For software developers making a transition, the most realistic path is LLM engineer / AI engineer.

What LLM Engineers Actually Do

Analyzing job postings and real-world work, an LLM engineer's daily life looks like this:

LLM API integration and optimization

  • Implementing features using OpenAI, Anthropic, and Google Gemini APIs
  • Cost optimization: which model to use when, caching strategies, batch processing
  • Minimizing latency: streaming responses, parallel processing

RAG system design and implementation

  • Building pipelines that allow LLMs to utilize company documents and databases
  • Chunking strategy, embedding model selection, vector DB operations
  • Measuring and improving retrieval quality

AI agent and workflow construction

  • Developing AI agents that autonomously use multiple tools
  • Multi-agent systems (CrewAI, LangGraph)
  • Human-in-the-loop design: deciding when a human needs to intervene

LLM fine-tuning

  • Additional training of existing models for specific domains or styles
  • Dataset collection, cleaning, and training pipeline construction
  • Designing evaluation metrics

AI product evaluation and monitoring

  • Hallucination detection
  • Measuring response quality (automated + human evaluation)
  • Cost and latency dashboards

2. Why Your Development Experience Is a Major Advantage

Many developers hesitate about the LLM engineer transition because they think "ML is hard and needs a lot of math." But an LLM engineer is not an ML researcher. Your software development experience is actually a strength here.

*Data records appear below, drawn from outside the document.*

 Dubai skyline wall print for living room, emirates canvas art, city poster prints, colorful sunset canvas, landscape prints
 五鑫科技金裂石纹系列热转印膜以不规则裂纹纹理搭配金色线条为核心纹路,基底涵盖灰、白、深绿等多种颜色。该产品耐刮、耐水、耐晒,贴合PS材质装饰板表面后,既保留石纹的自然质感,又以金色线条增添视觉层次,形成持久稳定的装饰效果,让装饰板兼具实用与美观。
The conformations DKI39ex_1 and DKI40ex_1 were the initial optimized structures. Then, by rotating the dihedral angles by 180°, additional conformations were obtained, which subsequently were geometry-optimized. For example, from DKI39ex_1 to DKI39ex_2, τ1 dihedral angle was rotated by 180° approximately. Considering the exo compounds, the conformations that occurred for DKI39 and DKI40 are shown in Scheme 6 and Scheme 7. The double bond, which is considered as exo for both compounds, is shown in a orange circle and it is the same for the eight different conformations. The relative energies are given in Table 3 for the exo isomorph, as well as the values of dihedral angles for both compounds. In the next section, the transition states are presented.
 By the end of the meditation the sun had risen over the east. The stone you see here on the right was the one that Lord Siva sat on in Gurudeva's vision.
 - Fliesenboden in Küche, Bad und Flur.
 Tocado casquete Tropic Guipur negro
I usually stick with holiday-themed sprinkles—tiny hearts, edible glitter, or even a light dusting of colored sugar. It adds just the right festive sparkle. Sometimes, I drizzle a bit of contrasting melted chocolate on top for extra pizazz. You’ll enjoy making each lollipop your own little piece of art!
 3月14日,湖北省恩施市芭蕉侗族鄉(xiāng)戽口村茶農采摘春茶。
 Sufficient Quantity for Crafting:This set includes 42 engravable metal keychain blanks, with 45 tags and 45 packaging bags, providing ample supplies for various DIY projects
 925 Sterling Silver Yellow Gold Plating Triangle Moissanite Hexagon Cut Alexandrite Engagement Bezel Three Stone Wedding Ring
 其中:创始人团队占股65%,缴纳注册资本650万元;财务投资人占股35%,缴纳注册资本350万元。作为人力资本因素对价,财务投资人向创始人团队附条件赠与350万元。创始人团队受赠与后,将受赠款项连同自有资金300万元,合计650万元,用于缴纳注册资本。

Why SW Development Experience Shines in AI Product Development

API design skills: Building RAG systems and AI agents to production quality requires well-designed APIs and service structure. Pure data scientists often have weaknesses here.

Database knowledge: Vector databases are a new technology, but concepts of indexing, query optimization, and transactions carry over naturally from existing DB knowledge.

Performance optimization: LLM API calls are expensive. Caching, batch processing, async processing — these are techniques you already learned from backend development.

Systems thinking: Understanding how each component in a complex AI pipeline connects to the others, and how failures propagate, comes from system design experience.

Code quality: The code quality in many AI development projects is surprisingly low — notebooks going straight to production with no tests. Software developers' habits around test writing, code review, and CI/CD shine here.


3. LLM Engineer Transition Roadmap (12 Months)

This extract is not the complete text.